Polabian Slavs, also known as Elbe Slavs (Note: * Połobske Słowjany, /dsb/;
- Elbslawen;
- Słowianie połabscy, Połabianie;
- Polabští Slované;
- Latin: Slavi Polabicae
The name Laba (or similar) refers to the Elbe River in various Slavic languages.)
and more broadly as Wends, is a collective term applied to a number of Lechitic (West Slavic) tribes who lived along the Elbe river in what is today eastern Germany. The approximate territory stretched from the Baltic Sea in the north, the river Saale and the Limes Saxoniae in the west, the Ore Mountains and the Western Sudetes in the south, and medieval Poland in the east.

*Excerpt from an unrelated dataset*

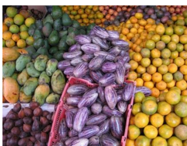
markt in Berastagi
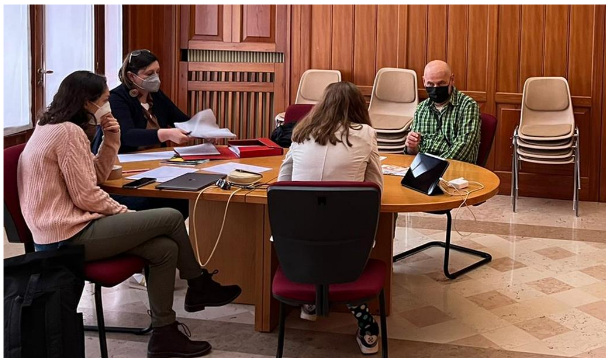
Figura 4 - Fase 4: Incontri in loco e realizzazione delle interviste

The Polabian Slavic tribes were initially independent and had their own princes. Since the 7th century, some of them were forced to recognize the supreme royal authority of the neighboring Frankish rulers, but their relations with Merovingian and later Carolingian and Ottonian kings and emperors were marked by frequent frontier conflicts and uprisings. From the 9th century onwards, they were largely conquered by rulers of Eastern Francia and in time integrated into the Holy Roman Empire. In the following centuries, the tribes became gradually assimilated through Germanization during the Ostsiedlung. The modern Sorbs are the only descendants of the Polabian Slavs to have retained their identity and culture.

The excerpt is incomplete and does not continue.